# Recovered and not looking back



## blackkey1 (May 6, 2013)

I swear to you all this is what happened to me to get me out of being depersonalized. I have been DP free for 2 years. I started excercising, eating good, and stopped researching about depersonalization and slowly but surely it dissapeared. I'm more than sure most of you know every bit of info on the subject, but somehow are convinced that you missed something. Stop obsessing and clean up your life. When the DP isn't necessary to protect you anymore it will slowly disappear. You need to trust that you are fine and you will recover. Do anything possible to live a healthier life and you will feel much better. I was in that hell for 2 years before truly changing my life and recovered within months. I got off this sight and stopped talking and thinking about it and it left. People make DP seem like it's some sort of deadly disease when it's simply a defense mechanism. It's anxiety that makes it seem 1,000,000 times worse. There is no need to go into tons of details about how to live a healthy lifestyle. I'm sure there are 500 other posts explaining how to do it. Trust in yourself and you will heal. Live life. Get off this forum. Don't listen to ignorant people who sulk in their misery and convince others that you will never recover. Unfortunately, there are many people in this world who choose to live unhealthy lifestyles and continue living with horrible habits. Those are the people who will live on this forum and bring others down.
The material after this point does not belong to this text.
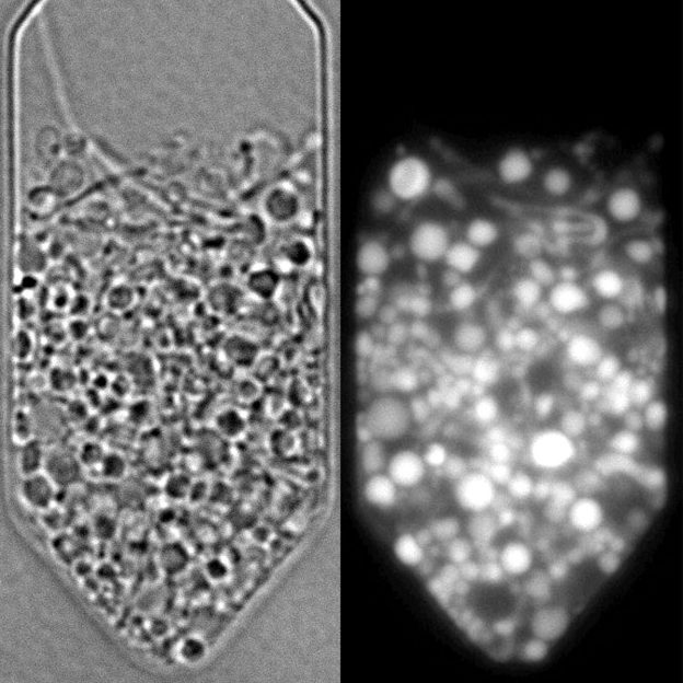 Fél évtizeddel később aztán bejelentették, hogy elkészült a JCVI-Syn3.0, ami már valóban fontos lépés volt a genom-minimalizálás felé, hiszen az M. mycoides genom eredeti 901 génjéből több százat kiszórtak és végül 473 maradt. A Sny3.0 kétségtelenül élt, de ahogy akkor is tudni lehetett, azért egy picit “magyar narancs” jellegű volt, osztódási nem mindig voltak szimmetrikusak, gyakran nagy vakuólák, máskor filamentózus szerkezetek jelentek meg a tenyészetekben.

As for me I feel good, I just wanted to let you all that really want to recover know that recovery isn't that hard. Don't even try to recover. Try to live a normal life and you will begin to feel better. The less you think about it the better you will feel. I posted this because I know how you all feel. I've been there and came out perfectly fine.


----------



## Klonac (Dec 18, 2012)

Are you 100% recovered ?


----------



## Albert (May 6, 2013)

Im 100% recovered and i didnt really do anything different to get a healthier life(Though Im pretty sure that would help). I just kinda stopped caring and one day i realized that i hadn't felt DP'd in long time.


----------



## blackkey1 (May 6, 2013)

Yes!!! I'm 1,000,000% 'recovered'. Although, you shouldn't look at it like 'recovery'. DP is simply a protective mechanism plain and simple. It's not an ailment, or something that should be categorized as one. It's like a scab for your mind. Don't pick at it and it will slowly fade. Pick at it and it will bleed and get worse. Too easy! Albert that's awesome! The same thing pretty much happened for me. Don't pay it any attention and it will dissapate naturally. That's all for now, I have a game to watch and finals to study for. Lol


----------



## SongBillong (Sep 20, 2011)

Hmmm. It's good to see something positive on here but these kind of posts are also a tad contradictory. You say "try to live a normal life" and to not think about it but that's the ability that DP/DR takes away from us. We can't act/think/see normally. I've said this kind of thing before but it'd be like telling someone with severe hayfever to 'try to stop sneezing'. That's the whole point, they can't.


----------



## Willynale (Feb 26, 2013)

I think what mean is "fake it till you make it" in a way.


----------



## DP boy (Mar 20, 2012)

ahhh yess


----------



## blackkey1 (May 6, 2013)

Fake it til you make it is precise. It takes will power but y'all can do it. It's amazing how lazy people are. I think some people are desperately looking for an easy way out, and will waste their lives searching for something that they will never find. It takes time. You CAN. Many people have been through this and end up just fine after they finally listen to advice. Live your lives people, you only have one. I guarantee most of you are way better off then many others who wish that they could trade places with you. There are many people who wish they could spend there lives in a nice safe place drowning in their fucking sorrows on the Internet. Instead they are wondering if they will be able to eat that day. Or if they will be able to keep a roof over there head. Or if they will even make it through the day without dying. You are wasting your lives being here. I'm out.


----------



## DP boy (Mar 20, 2012)

so very

true


----------



## StayPositiveItsRio (Oct 19, 2012)

Did u feel brain dead and unknown to yourself like no sense of self and it felt as if you where mentally numb like literally brain dead?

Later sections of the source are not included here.